WHAT YOU HAVE TO DO: Each line below from the line with "Acht einzigartige Apartments" to the line with "избирательного участка в" must be copied exactly, including those two, and no picture may appear in the copy.

LISTED RECORDS:
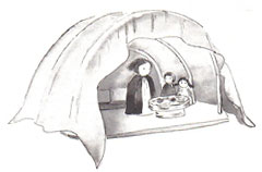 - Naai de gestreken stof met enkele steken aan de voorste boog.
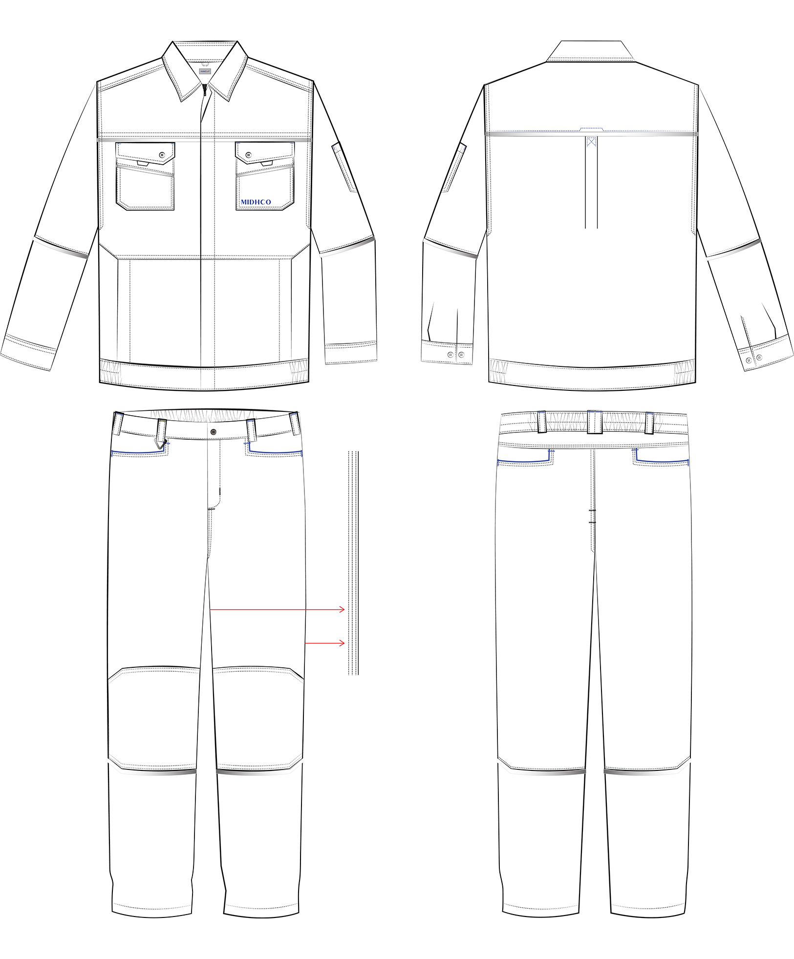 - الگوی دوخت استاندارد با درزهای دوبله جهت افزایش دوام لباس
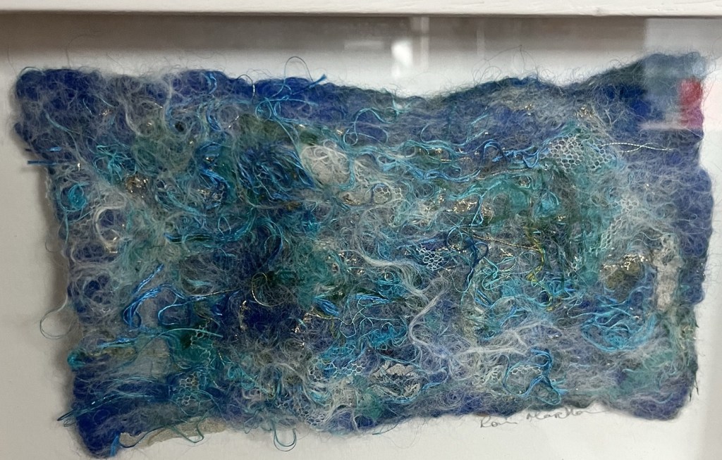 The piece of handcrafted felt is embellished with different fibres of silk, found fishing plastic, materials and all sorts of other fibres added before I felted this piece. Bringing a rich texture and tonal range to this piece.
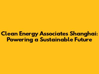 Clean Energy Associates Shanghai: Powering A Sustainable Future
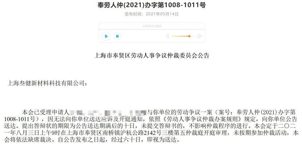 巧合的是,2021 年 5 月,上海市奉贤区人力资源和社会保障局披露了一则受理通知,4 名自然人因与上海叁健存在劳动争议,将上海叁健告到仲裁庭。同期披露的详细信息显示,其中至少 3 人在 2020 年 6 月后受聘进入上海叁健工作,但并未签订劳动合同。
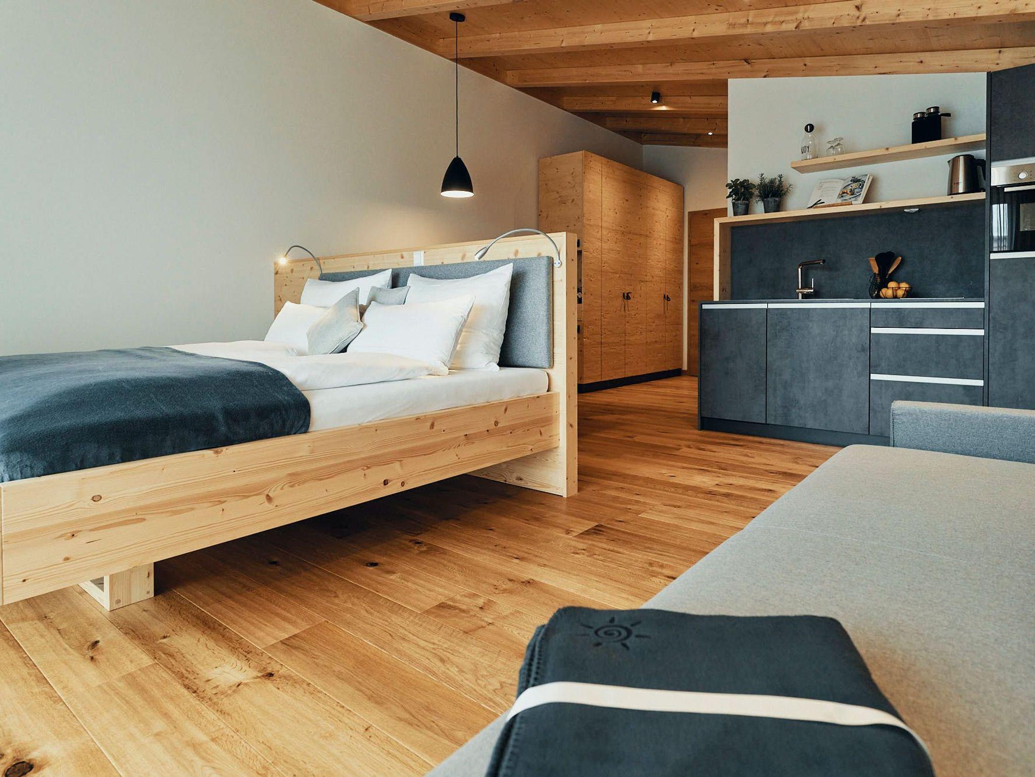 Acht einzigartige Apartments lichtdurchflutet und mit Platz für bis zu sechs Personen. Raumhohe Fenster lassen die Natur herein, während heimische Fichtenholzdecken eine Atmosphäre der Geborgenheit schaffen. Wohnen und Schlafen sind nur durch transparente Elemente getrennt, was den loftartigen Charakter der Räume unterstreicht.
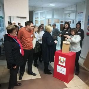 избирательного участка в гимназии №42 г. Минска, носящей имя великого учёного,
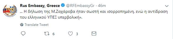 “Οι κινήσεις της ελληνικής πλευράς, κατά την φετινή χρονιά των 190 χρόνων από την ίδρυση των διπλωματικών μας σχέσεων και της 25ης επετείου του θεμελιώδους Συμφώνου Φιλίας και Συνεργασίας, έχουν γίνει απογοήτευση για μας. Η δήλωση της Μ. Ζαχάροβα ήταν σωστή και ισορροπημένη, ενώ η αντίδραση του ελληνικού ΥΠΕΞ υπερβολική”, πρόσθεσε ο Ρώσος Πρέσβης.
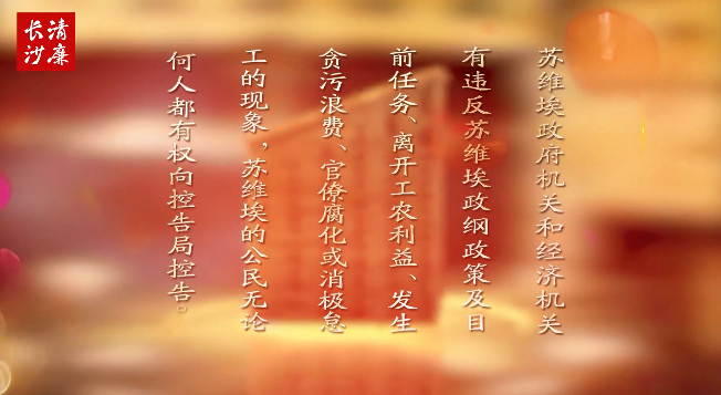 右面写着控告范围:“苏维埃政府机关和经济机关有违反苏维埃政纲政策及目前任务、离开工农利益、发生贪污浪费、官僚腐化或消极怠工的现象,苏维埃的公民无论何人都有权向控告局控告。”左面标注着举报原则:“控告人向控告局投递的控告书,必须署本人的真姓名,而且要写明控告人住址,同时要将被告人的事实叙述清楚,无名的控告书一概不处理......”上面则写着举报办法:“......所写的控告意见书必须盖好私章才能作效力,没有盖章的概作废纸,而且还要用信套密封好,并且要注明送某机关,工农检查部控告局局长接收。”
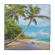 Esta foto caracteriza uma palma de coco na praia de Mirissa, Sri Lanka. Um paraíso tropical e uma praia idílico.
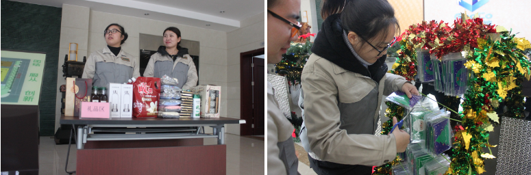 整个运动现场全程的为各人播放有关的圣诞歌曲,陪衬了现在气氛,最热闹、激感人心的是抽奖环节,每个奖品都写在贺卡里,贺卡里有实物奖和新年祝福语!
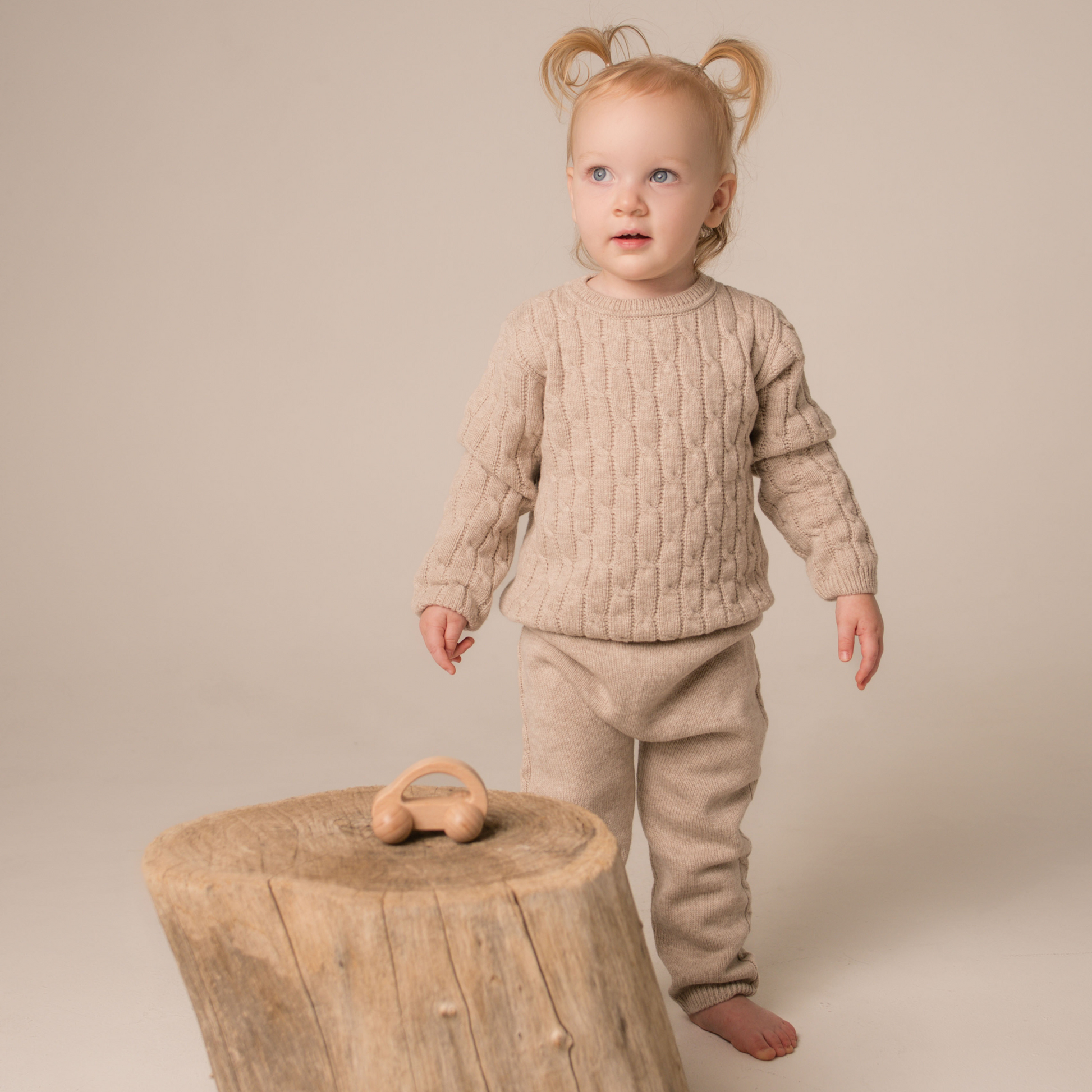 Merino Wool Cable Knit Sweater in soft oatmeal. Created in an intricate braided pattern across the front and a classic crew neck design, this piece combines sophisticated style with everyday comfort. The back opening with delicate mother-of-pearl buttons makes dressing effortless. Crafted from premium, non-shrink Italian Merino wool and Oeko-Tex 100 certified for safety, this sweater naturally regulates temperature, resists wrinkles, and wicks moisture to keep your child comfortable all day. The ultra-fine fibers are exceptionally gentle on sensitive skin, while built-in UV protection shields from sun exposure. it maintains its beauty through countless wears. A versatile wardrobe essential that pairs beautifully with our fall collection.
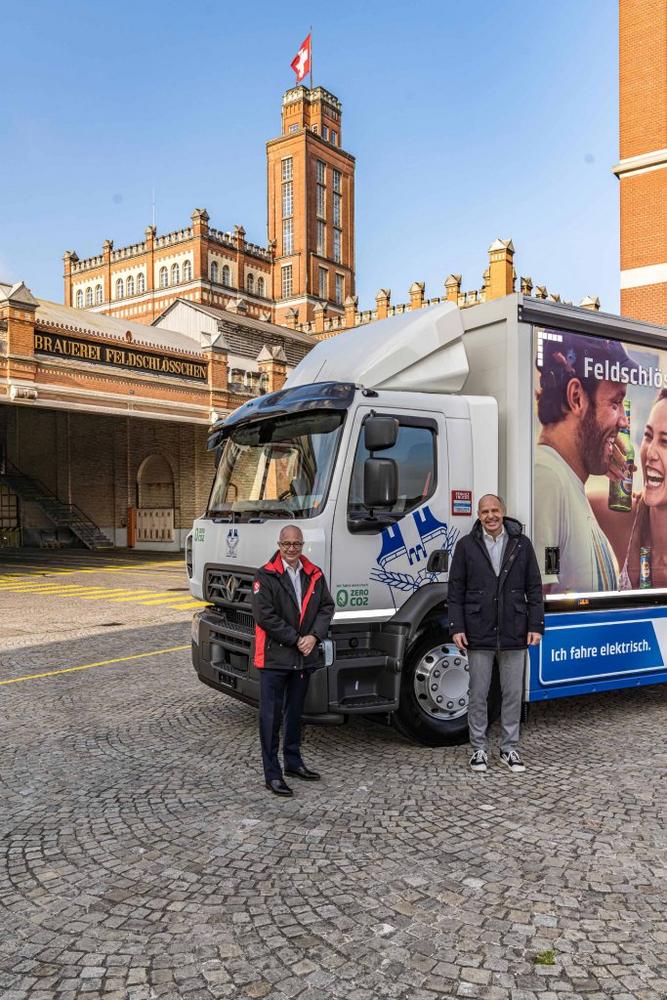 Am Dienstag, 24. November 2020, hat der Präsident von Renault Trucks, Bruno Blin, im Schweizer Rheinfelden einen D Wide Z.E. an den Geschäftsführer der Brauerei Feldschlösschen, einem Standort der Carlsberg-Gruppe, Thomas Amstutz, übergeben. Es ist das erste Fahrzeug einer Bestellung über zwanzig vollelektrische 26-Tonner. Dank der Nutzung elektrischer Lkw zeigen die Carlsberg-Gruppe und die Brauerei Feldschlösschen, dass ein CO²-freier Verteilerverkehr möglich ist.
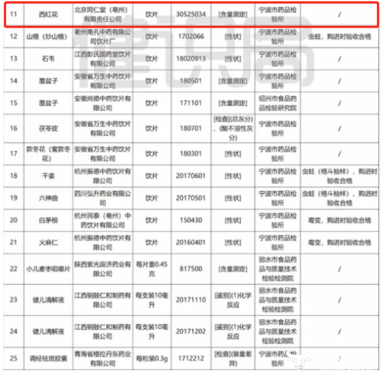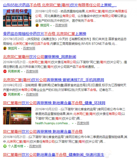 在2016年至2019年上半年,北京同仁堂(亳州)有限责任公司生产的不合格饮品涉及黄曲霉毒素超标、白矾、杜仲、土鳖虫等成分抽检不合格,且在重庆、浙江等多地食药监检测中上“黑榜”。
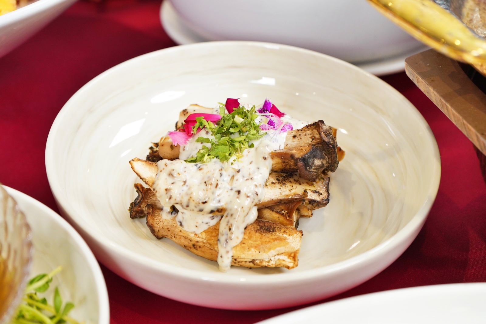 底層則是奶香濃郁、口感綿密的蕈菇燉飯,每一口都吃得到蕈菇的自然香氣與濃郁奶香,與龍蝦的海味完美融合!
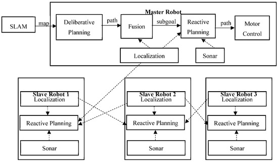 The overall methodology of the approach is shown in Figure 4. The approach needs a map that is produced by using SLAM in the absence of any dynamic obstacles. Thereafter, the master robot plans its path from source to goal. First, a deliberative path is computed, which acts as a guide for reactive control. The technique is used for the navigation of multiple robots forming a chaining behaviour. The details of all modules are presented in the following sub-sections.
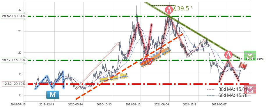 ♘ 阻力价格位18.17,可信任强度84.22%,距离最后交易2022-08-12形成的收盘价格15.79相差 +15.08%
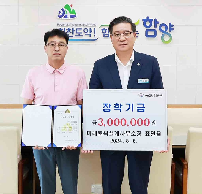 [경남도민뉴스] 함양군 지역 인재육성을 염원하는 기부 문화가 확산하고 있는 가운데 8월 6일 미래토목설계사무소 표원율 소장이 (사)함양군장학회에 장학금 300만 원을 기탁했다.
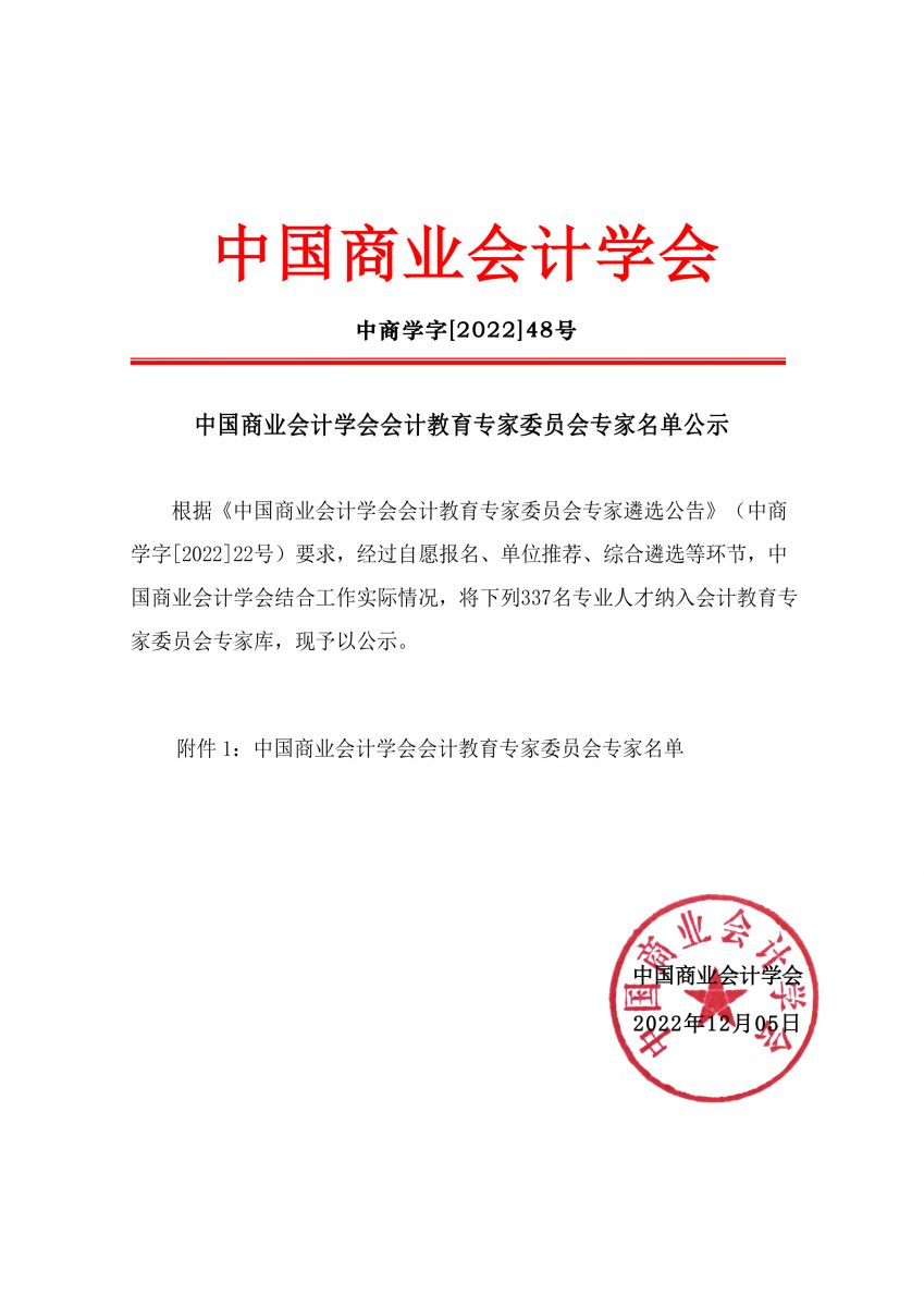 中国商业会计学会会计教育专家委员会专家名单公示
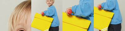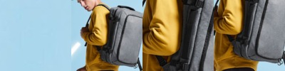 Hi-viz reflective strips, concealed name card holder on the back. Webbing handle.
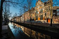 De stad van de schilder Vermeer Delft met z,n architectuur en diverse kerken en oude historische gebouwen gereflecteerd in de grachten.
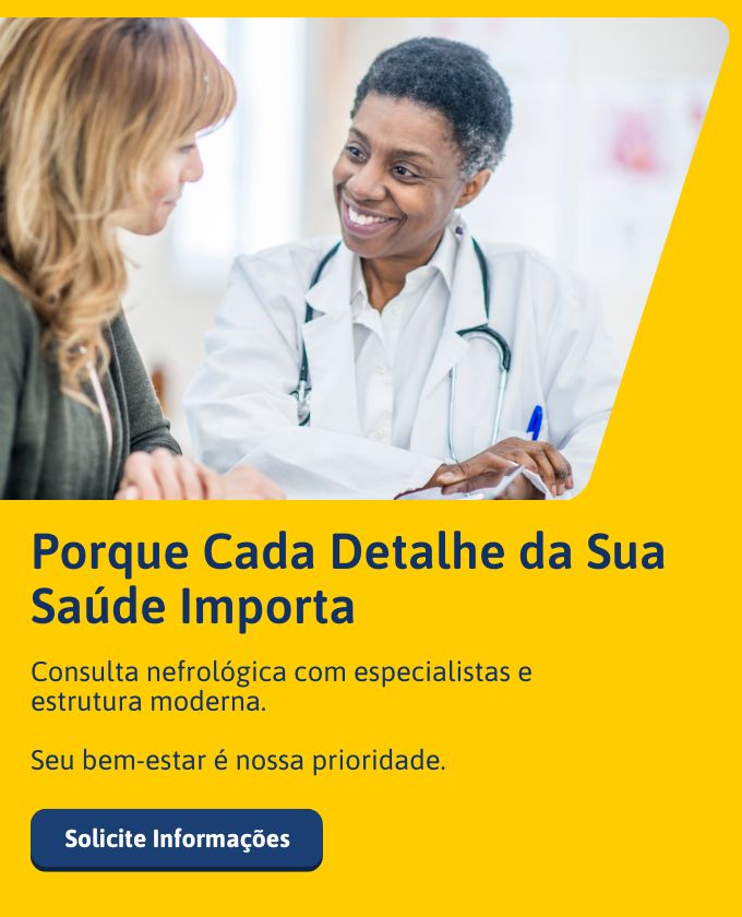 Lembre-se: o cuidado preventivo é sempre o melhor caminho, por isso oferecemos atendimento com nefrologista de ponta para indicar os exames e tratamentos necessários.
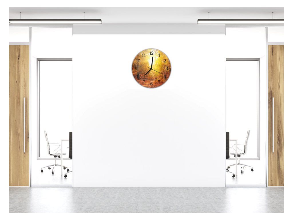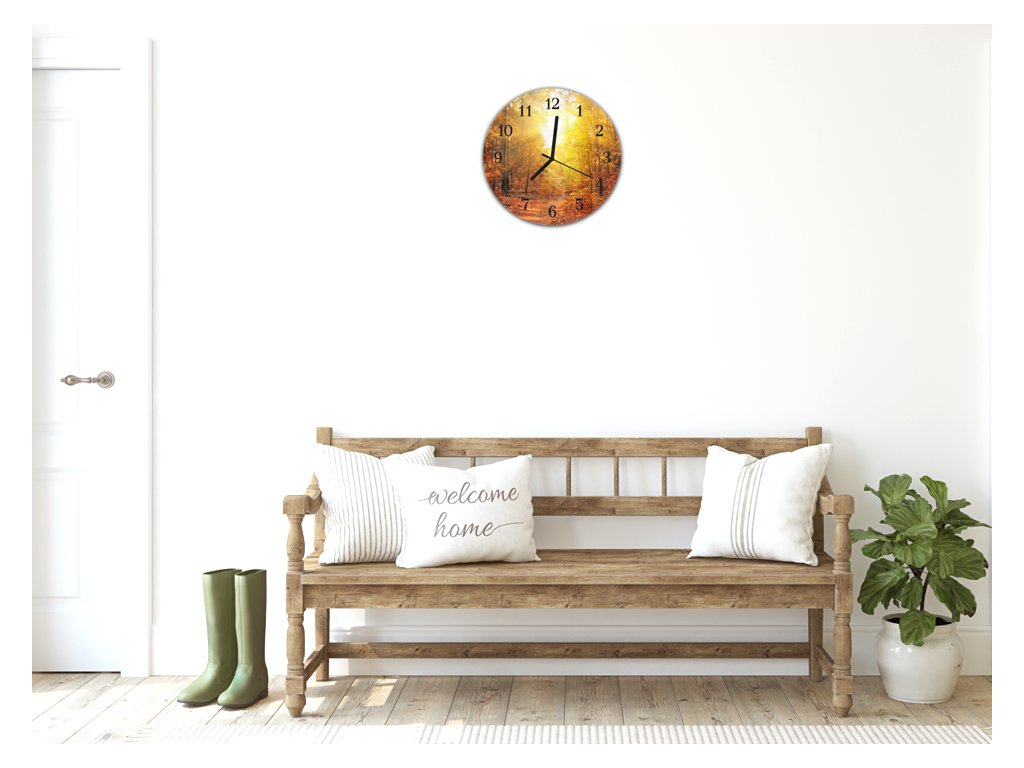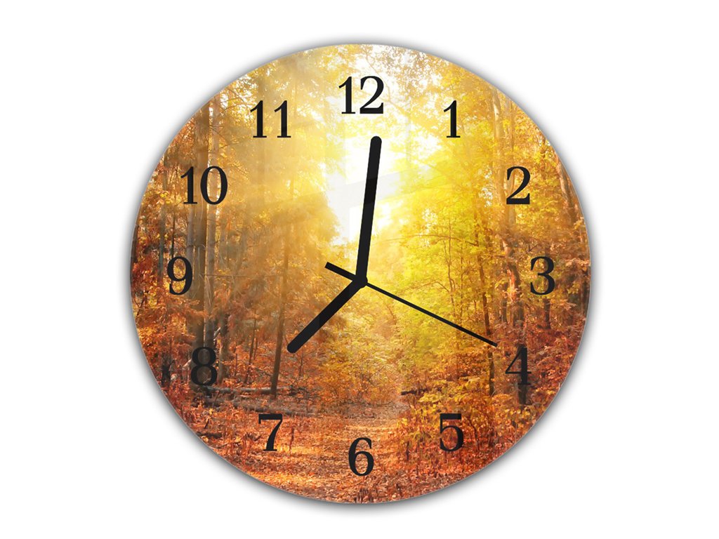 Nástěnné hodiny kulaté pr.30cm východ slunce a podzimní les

ANSWER FOR THE TASK:
 Acht einzigartige Apartments lichtdurchflutet und mit Platz für bis zu sechs Personen. Raumhohe Fenster lassen die Natur herein, während heimische Fichtenholzdecken eine Atmosphäre der Geborgenheit schaffen. Wohnen und Schlafen sind nur durch transparente Elemente getrennt, was den loftartigen Charakter der Räume unterstreicht.
 избирательного участка в гимназии №42 г. Минска, носящей имя великого учёного,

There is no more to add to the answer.